There is, I believe, a genuine intent here to make you care about the characters. It simply fails. A fresh-faced school teacher and his friends help their junkie pal Mia in detox from a heroin addiction. They pull in Mia’s long-absent brother (and his nursing student girlfriend) to help provide further emotional and medical support. Yes, this handily provides a reason why these callow young things might linger longer than is wise after Teach reads the Shaitan-book and Mia starts coughing up blood. It provides a reason why they might be inclined to hurl super-strong and pupil-dilated Mia into the basement and let her rot in her own juices. But the addiction thread is completely dropped after so much agonizing set-up. A better movie might have found a way to tie in the drugs and the noble intentions with the demonic proceeds happening in the dark forest. Hell, with a remake in a sub-genre that saw two significantly ambitious entries last year, let’s agree it is kind of necessary. I was not a fan of Cabin in the Woods for dropping any pre-tense of actual horror in order to comically deconstruct horror films. Joss Whedon, Drew Goddard and company at least had an idea for their film for which they committed to fully. They did not drop the storytelling or semblance of character at the first opportunity to break out the Karo syrup. Justin Benson and Aaron Moorhead’s Resolution, which somehow was even more meta than CitW, takes the notion of narrative (and found footage) and seamlessly blends it with a detox-in-the-woods story that makes anything (outside the torture) in Evil Dead feels embarrassingly amateur hour.

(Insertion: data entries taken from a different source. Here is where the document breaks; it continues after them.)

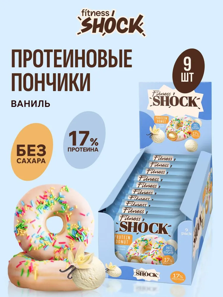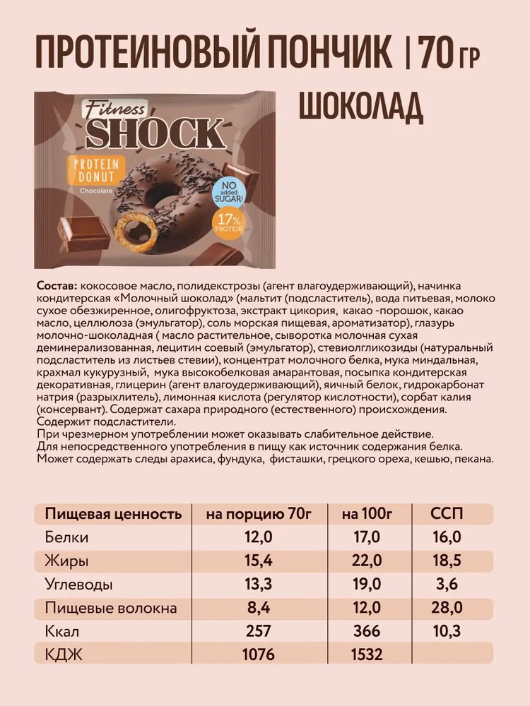 Батончик - Donut FitnesShock — это протеиновый батончик в форме пончика, который сочетает в себе удовольствие от любимого десерта с пользой функционального питания. Уникальная форма и нежная текстура созданы для тех, кто отказывается выбирать между вкусом и результатом.
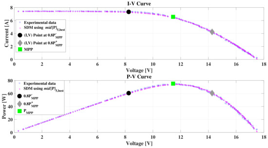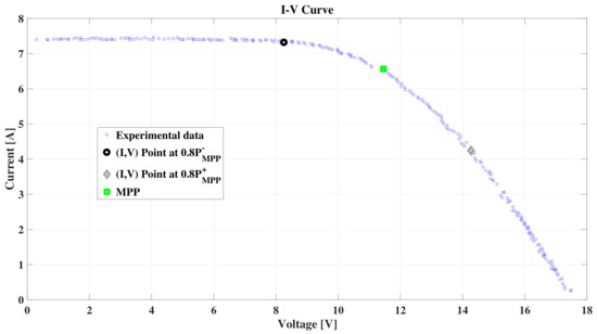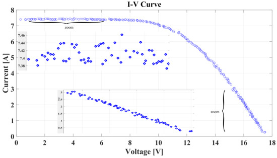 Figure 7 shows an experimental set of I-V data referring to a 140W PV Yingli solar module that have been acquired at an irradiance equal to 849 W/m2 and at a temperature equal to K: they have been measured by using a low cost system described in detail in [37], which has the drawback of providing a high number of data in the low current range and a low density of measurements at low voltages. The I-V curve is obtained by the capacitor charging method, which takes an acquisition time of 0.05 s. The experimental setup is described in detail in [37]: the PV module output is made available in the laboratory through a 10 m long cable. Thus, the acquired I-V curve also takes into account the parasitic resistance of the cables, which is 60 m. Figure 7 shows that the module under test has suffered degradation, due to 3.5 years of long operation.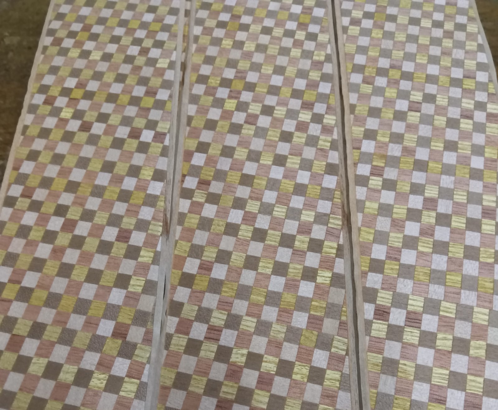I have been making this four-color checkerboard pattern for quite a long time, and for now I have settled on these four colors. In the past, I tried many different woods and colors, but in the end I chose these four kinds of wood because they can be sliced stably. The four are Hoo, Mizuki, Nyatoh, and Urushi wood.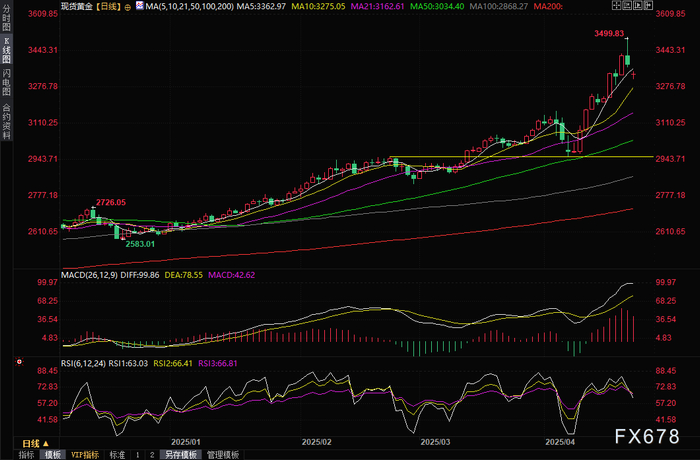 与此同时,现货金今年迄今已上涨 29%,周二创下第 28 个历史新高,首次触及3500 美元大关。短线大涨后,多头也存在获利了结和回调需求。
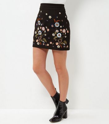 Floral Embroidered A-Line Skirt - New Look

The final nail in the cabin (OK, I’ll stop) is the coyness in the delivery of plot points this remake delivers in relation to the original. Perhaps ‘coy’ is the wrong word and gives too much credit. Let’s say instead, self-satisfied. They fail to exist in any sort of novel or interesting, or even rote fashion, but rather they pander to the major ‘groovy’ beats of the original three films for its own cult audience. They try cleverness by either hiding or shuffling around key things, but this completely fails because this shell game only exists in conversation with the original films, leaving the remake stranded on its own easy crutches. Any semblance of nihilism that one might be inclined to award some credit to, the ‘horror should be soul crushingly horrific’ idea, is disingenuous here because it is catering to a bloodthirsty crowd who are fine with a polished slaughter. And, if I may hazard a guess, probably don’t get much ‘horror’ out of it, only entertainment. All the slick lighting, framing and meticulous craft in the destruction of the human body is enough to swallow your horror loving soul in the same way junk food offers instant gratification only to be followed by a sore teeth and an empty stomach. It’s a trick, get some snacks.